IonicaBizau / scrape-it

🔮 A Node.js scraper for humans.

Home Page:http://ionicabizau.net/blog/30-how-to-write-a-web-scraper-in-node-js

Geek Repo:Geek Repo

Github PK Tool:Github PK Tool

Parsing tables and xpath

senzacionale opened this issue · comments

Very good library but I have one question.

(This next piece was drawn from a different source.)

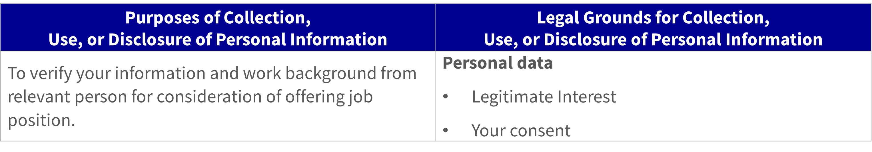 This privacy notice applies to your personal information and other people’s personal information relating with you (“Third Party”) that is necessary for your job application e.g., your family, reference person.

How to read "Cert" and "Primary Subject" from the table

HTML code:

<table class="table table-fixed table-header-right text-medium" xpath="1">
   <tbody>
      <tr>
         <th class="no-border">Cert</th>
         <td class="no-border">AE07591</td>
      </tr>
      <tr>
         <th>Item</th>
         <td>Mini-Helmet</td>
      </tr>
      <tr>
         <th>Primary Subject</th>
         <td>
            JOHNNY UNITAS<br>
         </td>
      </tr>
      <tr>
         <th>Result</th>
         <td>Authentic</td>
      </tr>
   </tbody>
</table>

I try it like this:

scrapeIt({
        url: 'https://www.cart.com/cart/ae07591'
        , headers: {'User-agent': 'Mozilla/5.0 (Macintosh; Intel Mac OS X 10.9; rv:32.0) Gecko/20100101 Firefox/32.0'}
    }, {
        title: "#mainContent > div > h1"
        , desc: "#mainContent > div > p"
        , cert: "table tbody:nth-child(1) tr:nth-child(1) > td:nth-child(2)"
        , avatar: {
            selector: "body.allowhover:nth-child(2) div.container-fluid.padding-all.margin-bottom div.row:nth-child(3) div.col-thin-12.col-xs-8.col-xs-offset-2.col-sm-6.col-sm-offset-3.col-md-5.col-md-offset-0.padding-all.text-center div.carousel-paddles.margin-left.margin-right.slick-initialized.slick-slider div.slick-list.draggable div.slick-track div.slick-slide.slick-current.slick-active a:nth-child(1) > img.img-responsive"
            , attr: "src"
        }
    }).then(({data, response}) => {
        console.log(`Status Code: ${response.statusCode}`)
        console.log(`Response: ${response.}`)
        console.log(data)
    })

But is always empty. If I tested it with ChroPath working fine. Or I am not allowed to use xpath. Is there any other way how to do it?

Thank you